Input material:
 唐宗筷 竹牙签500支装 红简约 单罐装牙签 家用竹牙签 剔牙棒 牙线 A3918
---
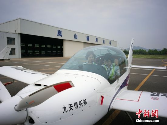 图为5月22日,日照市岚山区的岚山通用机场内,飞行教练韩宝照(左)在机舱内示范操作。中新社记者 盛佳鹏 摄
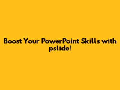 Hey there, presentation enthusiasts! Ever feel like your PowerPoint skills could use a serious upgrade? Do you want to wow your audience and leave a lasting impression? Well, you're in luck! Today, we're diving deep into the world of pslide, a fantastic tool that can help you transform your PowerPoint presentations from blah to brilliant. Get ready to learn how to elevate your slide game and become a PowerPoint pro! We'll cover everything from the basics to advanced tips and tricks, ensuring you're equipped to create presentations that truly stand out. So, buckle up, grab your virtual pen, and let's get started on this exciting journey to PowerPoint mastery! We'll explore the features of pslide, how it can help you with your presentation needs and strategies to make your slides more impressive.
--
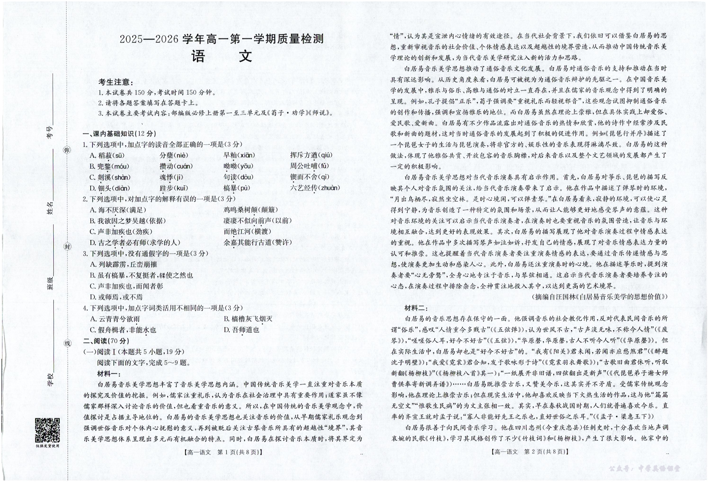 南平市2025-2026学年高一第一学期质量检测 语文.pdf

Task requirements: Your copy should hold the lines from the one with "图为5月22日,日照市岚山区的岚山通用机场内,飞行教练韩宝照(左)在机舱内示范操作。中新社记者 盛佳鹏 摄" up to and including the one with "Hey there, presentation", exactly as in the data above, and no pictures.

Task result:
 图为5月22日,日照市岚山区的岚山通用机场内,飞行教练韩宝照(左)在机舱内示范操作。中新社记者 盛佳鹏 摄
 Hey there, presentation enthusiasts! Ever feel like your PowerPoint skills could use a serious upgrade? Do you want to wow your audience and leave a lasting impression? Well, you're in luck! Today, we're diving deep into the world of pslide, a fantastic tool that can help you transform your PowerPoint presentations from blah to brilliant. Get ready to learn how to elevate your slide game and become a PowerPoint pro! We'll cover everything from the basics to advanced tips and tricks, ensuring you're equipped to create presentations that truly stand out. So, buckle up, grab your virtual pen, and let's get started on this exciting journey to PowerPoint mastery! We'll explore the features of pslide, how it can help you with your presentation needs and strategies to make your slides more impressive.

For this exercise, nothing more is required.